I took the coffee mug from the bartender. ‘‘So do I.’’
‘‘Me first.’’ He walked to a table, balanced with the crutches, and sat down. ‘‘I had dinner with Lavonne tonight.’’
I gave him an exaggerated head-to-toe. His khakis were ripped at the knee. His T-shirt advertised Santa Barbara’s favorite surfboard product, Mr. Zog’s Sex Wax.
‘‘You missed the class on sucking up to th
e boss, didn’t you?’’ I said.
Lavonne Marks was the managing partner at Sanchez Marks, the law firm where Jesse practiced. She was half Hellfire missile, half Jewish mother, forgiving of his shaggy hair and pirate earring, as long as he tore opponents apart on cross and ate a nutritious lunch. I sat down.
‘‘She’s going to offer you a job,’’ he said.
The band launched into a new number, the guitarist taking off like a dragster, the drummer hammering on the crash and ride. I stared at Jesse.
‘‘Full-time?’’ I said.
‘‘You’re already putting in twenty hours a week for the firm.’’
‘‘Maybe five at the office, though.’’
The rest involved writing briefs, making court appearances, occasionally serving papers. Full-time meant my own office, with a view over red tile roofs. Health insurance, a retirement plan. Business cards.
‘‘Partnership?’’ I said.
‘‘Figure three years down the line.’’
And a chance to work down the hall from the man I loved. Fifty hours a week of togetherness.
I looked at him in the amber light. ‘‘Lavonne asked you first, to see if you’d object.’’
‘‘I don’t.’’
Full-time. Dark suits. Panty hose. Good-bye to free-lancing. No more legal journalism. Back to writing fiction when I could grab an hour on weekends.
‘‘I just got the galley proofs for Chromium Rain,’’ I said.
‘‘You write at night. That won’t stop.’’
‘‘But . . . the biography. That would be a big project.’’
‘‘You aren’t going to write that. Jax and Tim’s files have been sitting in your safe-deposit box for six months.’’
And those files were just about all I had in the bank right now.
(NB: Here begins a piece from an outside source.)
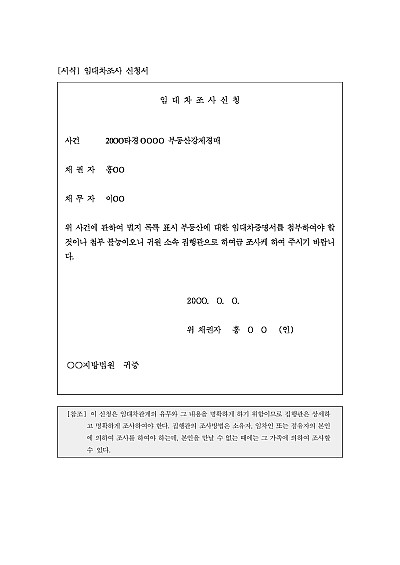주요내용 : 강제경매신청시 임대차관계 유무와 그 내용을 명확히 하기 위한 목적으로 그 조사를 신청하기 위한 목적으로 사용되어지는 신청서 양식임. 단 무단전재 방지목적으로 PDF 파일로 올리니구매하신 후 혹 원본 파일이 필요하신 분들은 톡이나 문자메일전화 등을 주시면 작성방법 등에 대한 간단한 무료상담과 함께 원본 파일을 보내드리도록 하겠습니다.

‘‘I’ll think about it,’’ I said.
But instead I thought about Jesse. We had postponed our marriage shortly before the wedding. Traumatic events had driven a wedge between us: the hit-and-run driver was fighting, violently, to keep from going to prison. I’d discovered parts of Jesse’s past that I didn’t want to face. And he began to fear that because of his spinal cord injury I saw myself as a self-congratulating martyr, staying with him out of pity. We got angry. So we decided to step back from the brink and start over.